Each of the four subunits in a voltage-gated potassium channel has a voltage sensor domain (VSD) that is formed by four transmembrane helical segments (S1-S4). In response to changes in membrane potential, intramembrane displacement of basic residues in S4 produces a gating current. As S4 moves through the membrane, its basic residues also form sequential electrostatic interactions with acidic residues in immobile regions of the S2 and S3 segments. Transition metal cations interact with these same acidic residues and modify channel gating. In human ether-á-go-go-related gene type 1 (hERG1) channels, Cd(2+) coordinated by D456 and D460 in S2 and D509 in S3 induces a positive shift in the voltage dependence of activation of ionic currents. Here, we characterize the effects of Cd(2+) on hERG1 gating currents in Xenopus oocytes using the cut-open Vaseline gap technique. Cd(2+) shifted the half-point (V(1/2)) for the voltage dependence of the OFF gating charge-voltage (Q(OFF)-V) relationship with an EC(50) of 171 microM; at 0.3 mM, V(1/2) was shifted by +50 mV. Cd(2+) also induced an as of yet unrecognized small outward current (I(Cd-out)) upon repolarization in a concentration- and voltage-dependent manner. We propose that Cd(2+) and Arg residues in the S4 segment compete for interaction with acidic residues in S2 and S3 segments, and that the initial inward movement of S4 associated with membrane repolarization displaces Cd(2+) in an outward direction to produce I(Cd-out). Co(2+), Zn(2+), and La(3+) at concentrations that caused approximately +35-mV shifts in the Q(OFF)-V relationship did not induce a current similar to I(Cd-out), suggesting that the binding site for these cations or their competition with basic residues in S4 differs from Cd(2+). New Markov models of hERG1 channels were developed that describe gating currents as a noncooperative two-phase process of the VSD and can account for changes in these currents caused by extracellular Cd(2+).

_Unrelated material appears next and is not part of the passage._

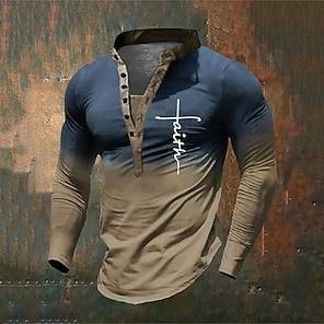Vain sovelluksessaMiesten Kuvitettu Väripalikka Usko Henley-paita Pitkähihainen 3D-tulostus Päivittäin Retro / vintage Vapaa-aika Pyhäpäivä Bile Festivaali 봄 & Syksy Sininen Apila Khaki Harmaa Henley Henley T-paita

Gating currents associated with intramembrane charge displacement in HERG potassium channels.

HERG (human ether-a-go-go-related gene) encodes a delayed rectifier K+ channel vital to normal repolarization of cardiac action potentials. Attenuation of repolarizing K+ current caused by mutations in HERG or channel block by common medications prolongs ventricular action potentials and increases the risk of arrhythmia and sudden death. The critical role of HERG in maintenance of normal cardiac electrical activity derives from its unusual gating properties. Opposite to other voltage-gated K+ channels, the rate of HERG channel inactivation is faster than activation and appears to be intrinsically voltage dependent. To investigate voltage sensor movement associated with slow activation and fast inactivation, we characterized HERG gating currents. When the cut-open oocyte voltage clamp technique was used, membrane depolarization elicited gating current with fast and slow components that differed 100-fold in their kinetics. Unlike previously studied voltage-gated K+ channels, the bulk of charge movement in HERG was protracted, consistent with the slow rate of ionic current activation. Despite similar kinetic features, fast inactivation was not derived from the fast gating component. Analysis of an inactivation-deficient mutant HERG channel and a Markov kinetic model suggest that HERG inactivation is coupled to activation.